Poor second quarter results in the midst of continued weak future prospects, prompted Genuity Capital analyst Carl Bayard to lower his target price on Transcontinental Inc. (TCLAF.PK) from C$19 to C$17.50.
Transcontinental reported checkered numbers, hitting its earnings per share forecast at C$0.43, in spite of losing C$19.3-million in revenue to foreign exchange fluctuations, and missing sharply Mr. Bayard's revenue forecast of C$623-million, at C$595-million. The company also posted an EBITDA of C$90.7-million compared with the analyst's forecast of C$97.9-million.

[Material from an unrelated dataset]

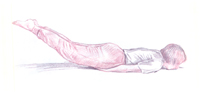 Method: First position: Rest your chin on the mat with your arms by your side, palms on the floor.

Mr. Bayard noted that organic growth in EBITDA came from the retail and book groups due to volume increases and efficiency gains from the company's manufacturing platform. Conversely, lower margins in the direct marketing group as well as an unfavorable product mix in the catalogue and magazine groups affected profitability.
With the ongoing U.S. credit crunch continuing to affect its direct marketing operations and sustained pressure from the Canadian dollar, we end up with projected single-digit EPS growth for the company over the next two years.
In spite of a rather drab industry outlook, Mr. Bayard also noted that Transcontinental shares were currently competitively priced.
While reiterating a "hold" on the stock, he told clients that:
Transcontinental's shares are hardly expensive at 10.2x our fiscal 2009 estimated EPS of C$1.73.